:: Work instruction ::
From the first line of the data down to the line bearing "Stitched 2pc Uzbek", output every line exactly and include no pictures.

:: Data block ::
━━━━━━━━━━━━━━━━

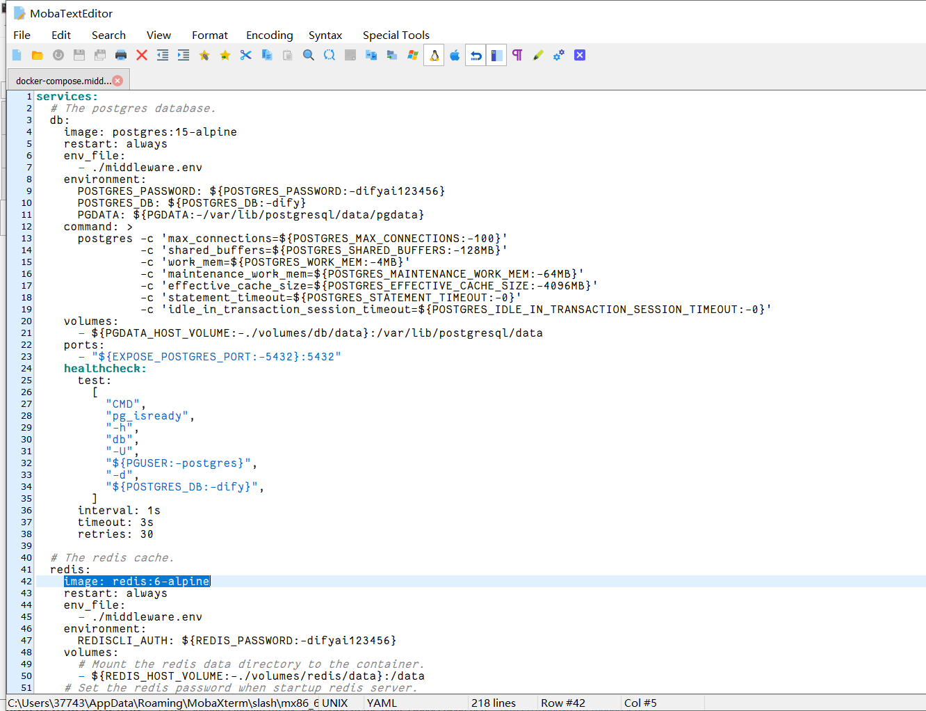 该文件定义了部署 Dify 所需的所有服务(如 API 服务、数据库、Redis 等)、镜像版本、端口映射、数据卷等配置。
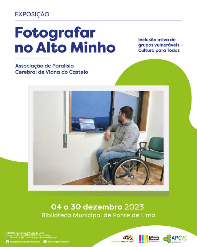 O Município de Ponte de Lima vai acolher a exposição itinerante de fotografia "Fotografar no Alto Minho - Inclusão ativa de grupos vulneráveis - Cultura para Todos", de 4 a 30 de dezembro de 2023 na Biblioteca Municipal.
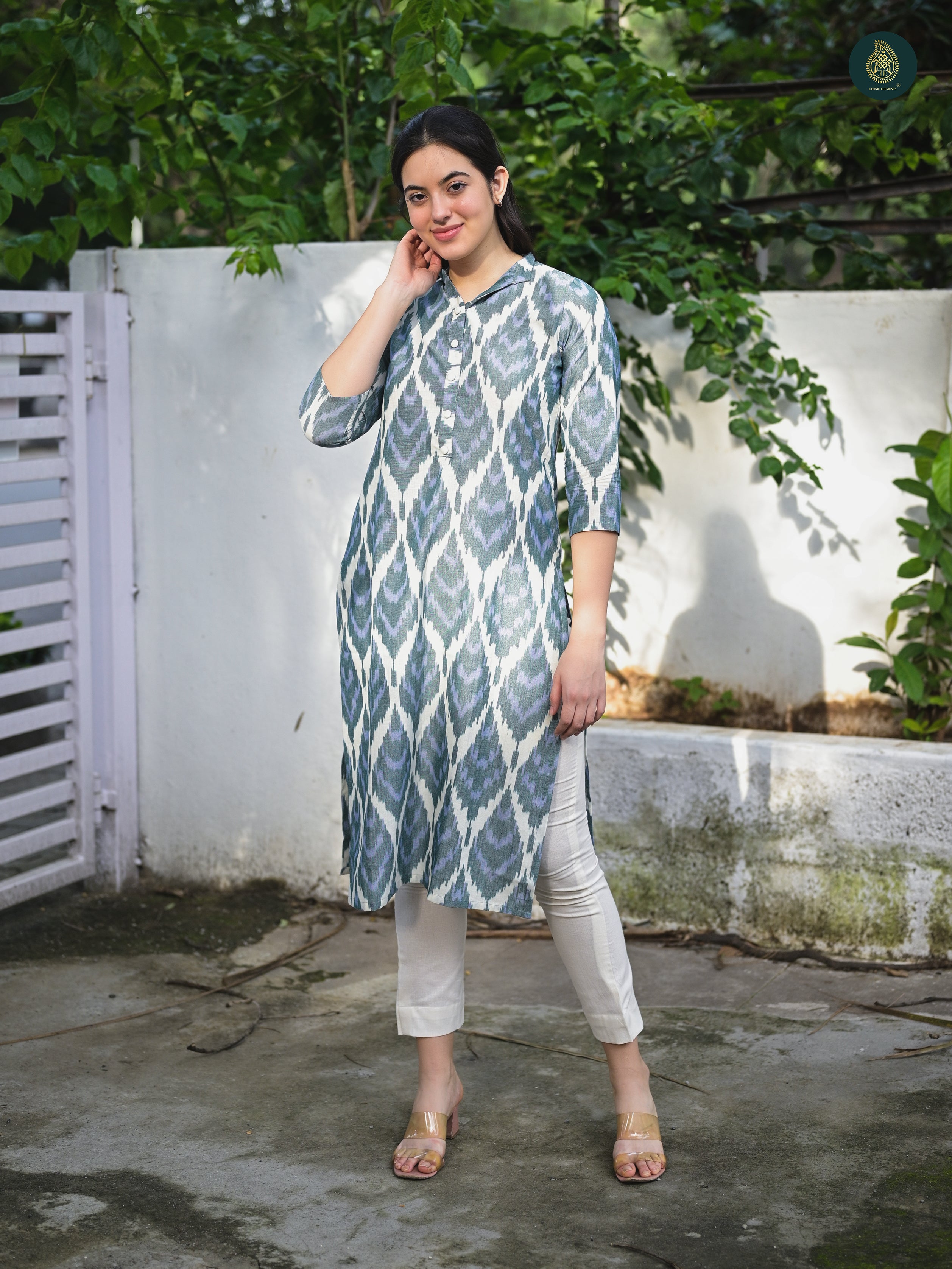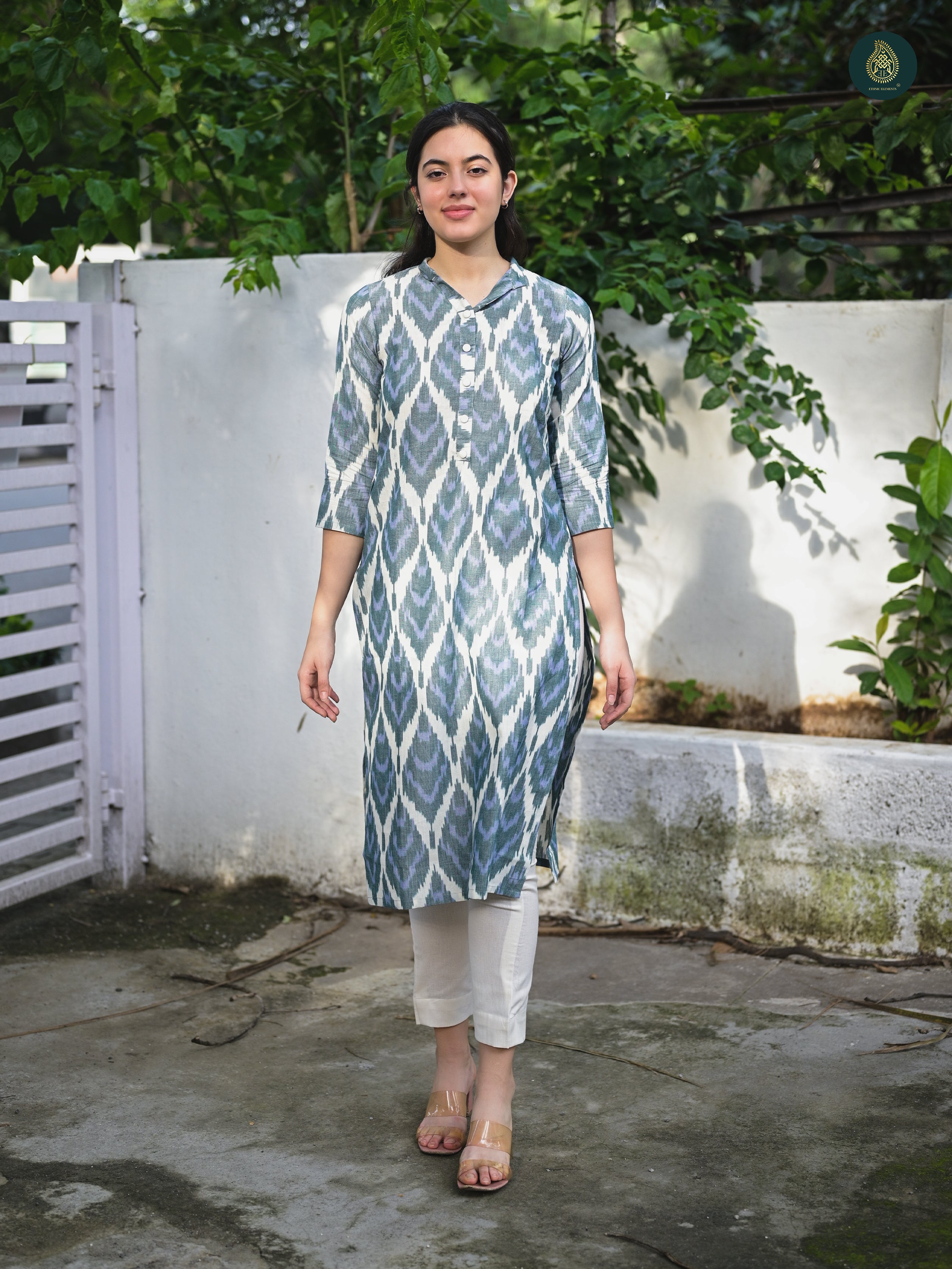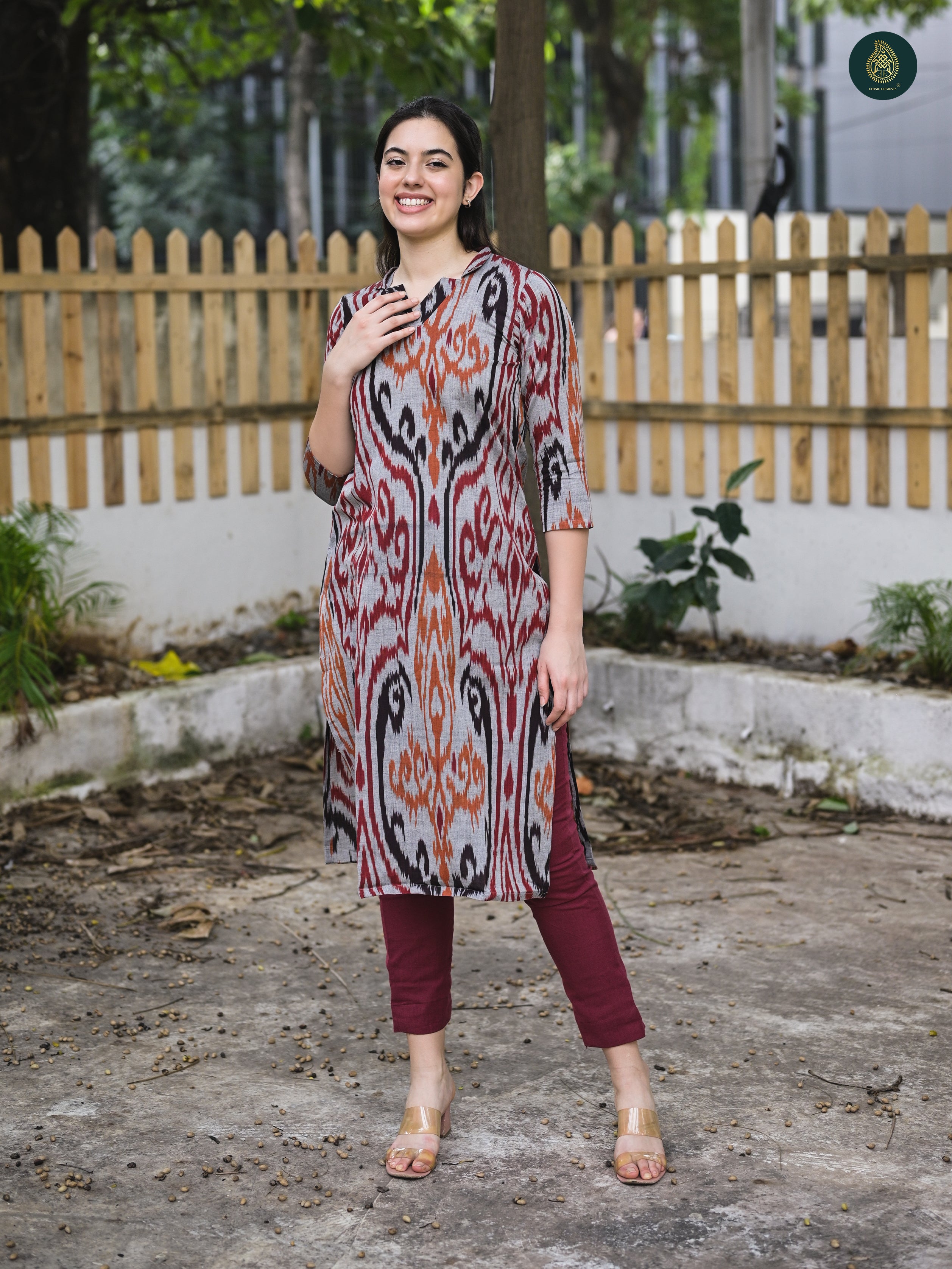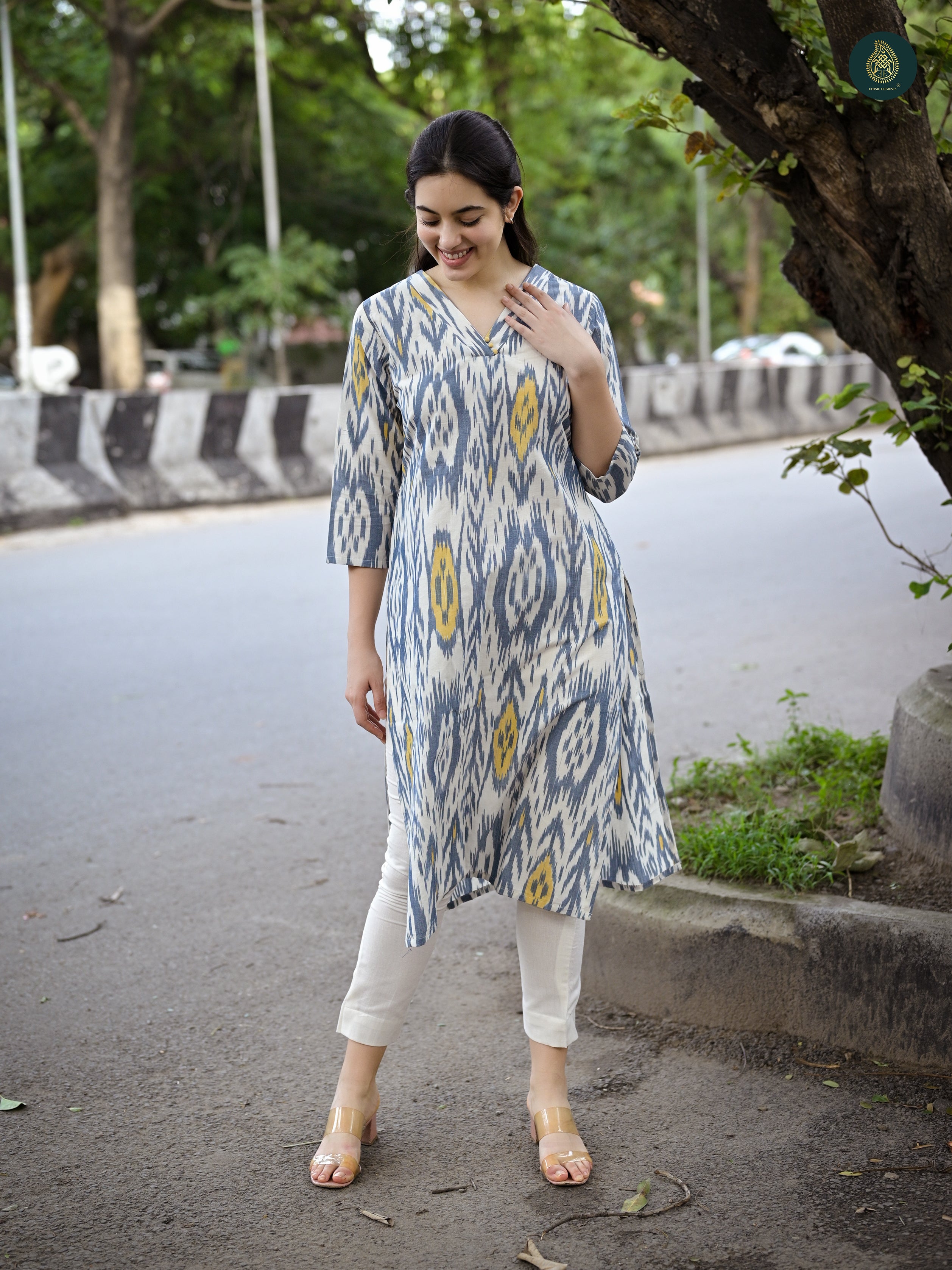 Stitched 2pc Uzbek Ikkat Suit Set - Creamy Grey
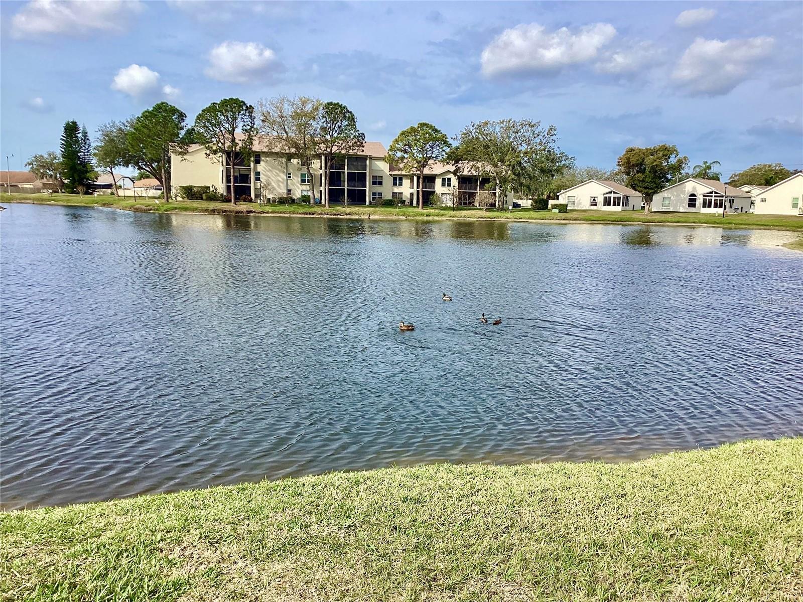 Turn key CONDO. Fully furnished! PRICE REDUCED! THIS IS IT! Just bring your toothbrush, and your clothes, and then settle right in! This first floor condo has been meticulously maintained. 1,233 square feet living space. A TRUE 3 bedroom with 2 full baths condo. Split plan. Master bedroom has en suite bath and huge walk-in closet. Pond view. This is a rare find! No age restrictions. Spacious, beautifully appointed and located in a gated area of the sought after Millpond Estates of New Port Richey/Trinity area, very near the junction of Pasco, Pinellas, and Hillsborough counties. This home boasts tile flooring throughout. The kitchen has ample cabinet space, a breakfast bar, a pantry, and is open to the dining area. Completely, and tastefully FURNISHED. This premium corner unit has room for a full time family, or winter residents who want guest space. Imagine relaxing mornings or evenings in your screened-in, breezy Florida room that overlooks the pond. All the comforts of a single family home without the headache of exterior maintenance. Newer a/c system, newer water heater, and newer Whirlpool washer and dryer in the spacious laundry closet. A private, fishable pond is right outside your back door. Enjoy the fitness facilities and TWO community pools at your disposal. Schools and hospitals nearby. 20 minutes to reach Tampa International Airport. Minutes away from shopping, dining, award winning beaches, and entertainment/amusement parks. One convenient HOA fee covers the building’s INSURANCE, all lawn maintenance, your 2 pools and fitness center, your trash removal, pest control, cable AND MORE. It’s READY for you!

━━━━━━━━━━━━━━━━

:: Answer to this problem ::
 该文件定义了部署 Dify 所需的所有服务(如 API 服务、数据库、Redis 等)、镜像版本、端口映射、数据卷等配置。
 O Município de Ponte de Lima vai acolher a exposição itinerante de fotografia "Fotografar no Alto Minho - Inclusão ativa de grupos vulneráveis - Cultura para Todos", de 4 a 30 de dezembro de 2023 na Biblioteca Municipal.
 Stitched 2pc Uzbek Ikkat Suit Set - Creamy Grey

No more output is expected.